On Monday, a U.S. federal court in Texas has summoned lawyers for ZTE Corp for a hearing whether the Chinese telecommunications equipment maker violated probation in connection with an alleged conspiracy to commit visa fraud.
The company is on probation in the US after pleading guilty in Dallas in 2017 to illegally shipping U.S. technology to Iran and North Korea.
The visa fraud stems from a 2021 case in Atlanta, Georgia.
ZTE was not charged in that indictment.
According to the indictment, a former ZTE research director in New Jersey and a professor at the Georgia Institute of Technology allegedly conspired to bring Chinese nationals to the United States to conduct research at ZTE between at least 2014 and 2018.
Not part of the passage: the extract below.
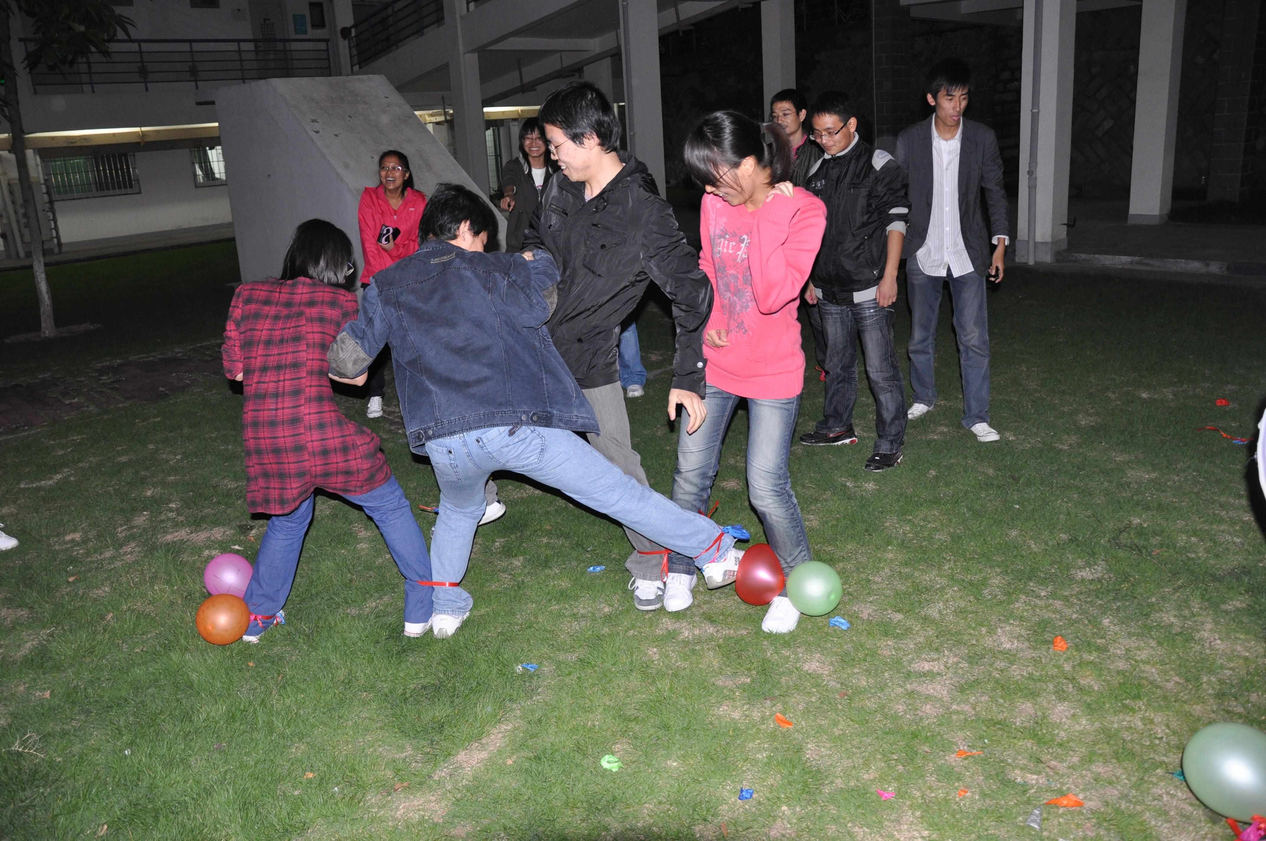接下来是游戏环节,女声比赛剥桔子,男生比赛吃桔子,大家分工合作。还有绑腿踩气球等等,通过这样的活动,同学之间相互了解。很多同学很感慨“每年班里都有组织活动‘慰藉’我们这些光棍,先别说爱情,很多友谊也是通过这样的活动建立起来的。”

The Chinese nationals came to the United States on J-1 visas, designed for work and study at institutions like Georgia Tech, but allegedly conducted research for ZTE in New Jersey.
The professor, Gee-Kung Chang, has pleaded not guilty. The status of the former ZTE research director, Jianjun Yu, is unclear.
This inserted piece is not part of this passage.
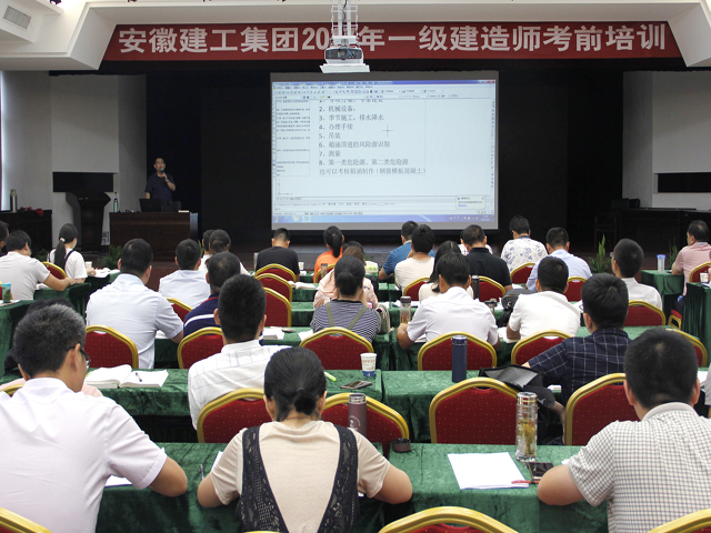 7月24至8月3日,集團(tuán)公司在安建大廈和安徽建工技師學(xué)院舉辦了2017年一級(jí)建造師考前培訓(xùn)班。本次培訓(xùn)班為期8天,共開(kāi)設(shè)建設(shè)工程經(jīng)濟(jì)、建設(shè)工程法規(guī)、建設(shè)工程項(xiàng)目管理三門(mén)公共課和建筑工程、市政公用工程、水利水電工程、公路工程管理與實(shí)務(wù)四個(gè)專(zhuān)業(yè)課程,共計(jì)850余名考生參加了培訓(xùn)。

A spokesman for the U.S. Attorney in Atlanta, where the visa case is pending, declined to comment.
The U.S. Department of Justice in Washington declined comment.
A lawyer for ZTE did not respond to a request for comment.
In 2017, ZTE pleaded guilty and paid $892 million in criminal charges for violating U.S. laws that restrict the sale of American-made technology.